For the final evaluation of the reconstruction, it was not possible to compare based on checkpoints as previously completed for the FINE benchmark acquisitions since the reference targets were removed. A direct comparison with the ground truth scanner point cloud was then carried out.
The reference point cloud and the multi-camera reconstruction cloud were oriented by performing a best-fit registration on the surface of the circular access room to the tower. The two clouds were segmented and oriented using the Cloud Compare software (version 2.10). The point cloud transformation matrix, obtained from the best fit, was then applied to the complete point cloud of the multi-camera reconstruction, and the comparison between the two was made. Figure 20 shows some zoomed-in details of the overlapped point clouds (reference in blue, Ant in red).
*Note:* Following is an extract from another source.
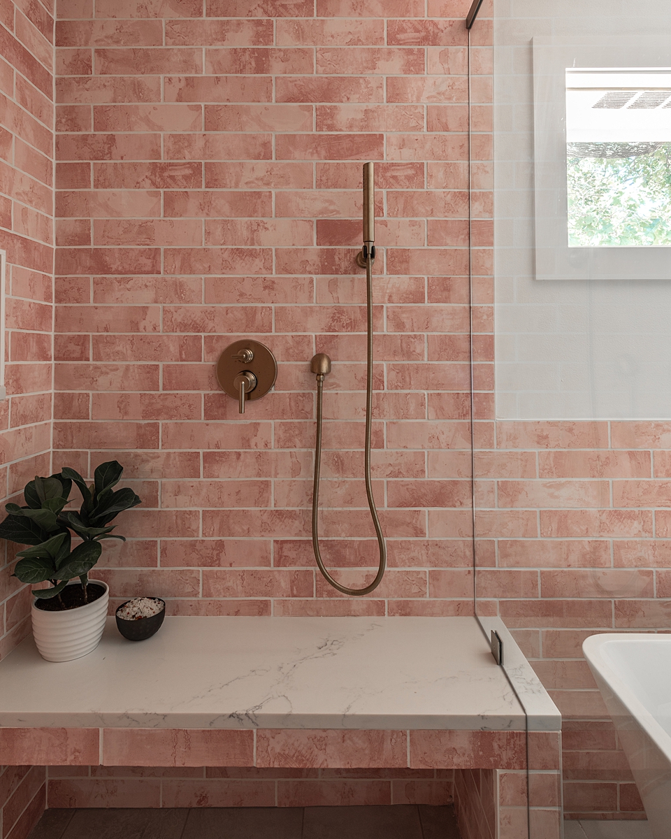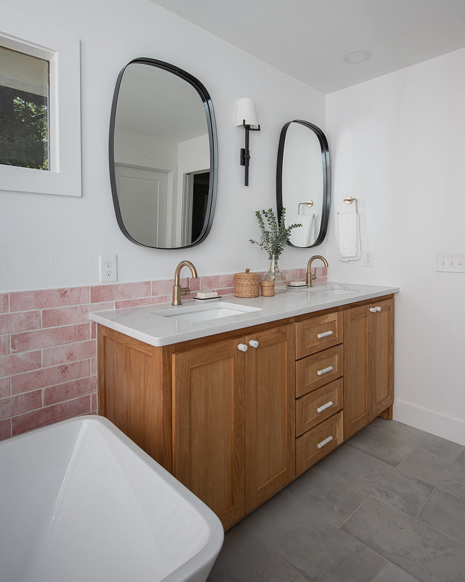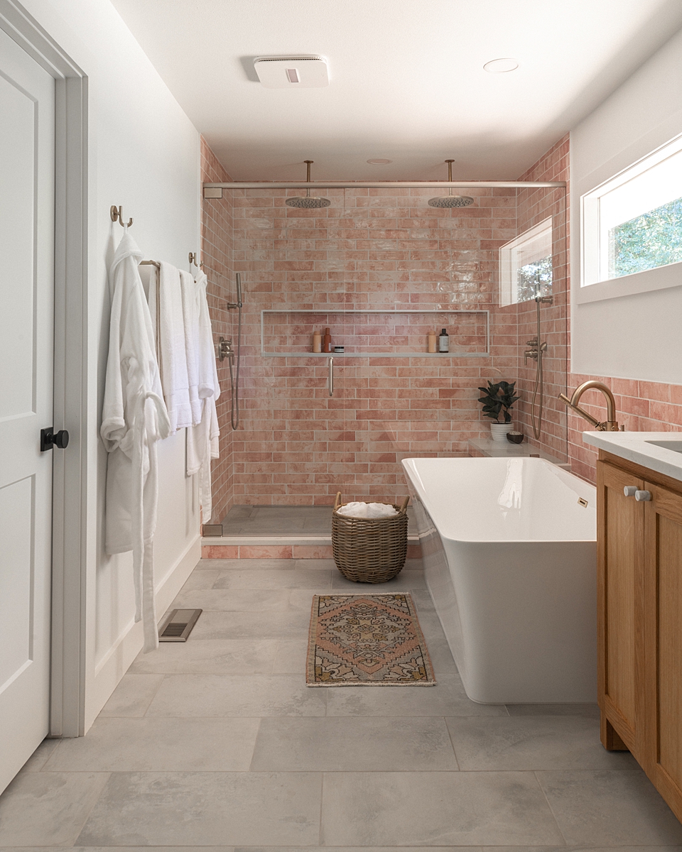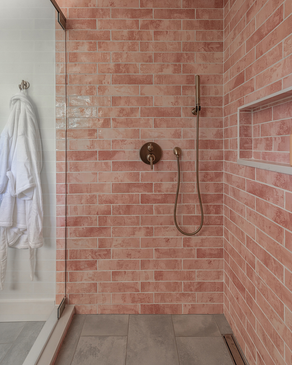 Trisha loves pink, and Todd went right along with her request for that to be the accent color in their bathroom. Just the right shades gave a unique, contrasting style to the concrete floor and other rustic details, and I found pale pink tile both fun and fitting for this home’s sophisticated aesthetic look.

The comparison shows that the photogrammetric reconstruction is complete in all its parts and matches the laser scanner. The maximum deviation between the clouds, measured by performing sections in correspondence of the most extreme areas, was 4 cm at maximum, certifying the survey as suitable for the scale of architectural representation of 1:100. Figure 21 shows the survey trajectory followed during the acquisition.
After the initial evaluation, the system was thoroughly put to the test further in similar scenarios to the one just presented, i.e., the main target application for the multi-camera, as well as for other types of applications not originally considered. Among the tests performed in the target application, most notably, Ant3D was used to complete the survey of the network of narrow spaces and staircases of Milan’s Cathedral (Figure 22), partially presented in [22]. Among the tests performed in other scenarios, there is (i) the acquisition of a mountain trail path [5], (ii) the acquisition of large [23] and narrow [24] mining tunnels (Figure 23), and (iii) the survey of a historical garden [50].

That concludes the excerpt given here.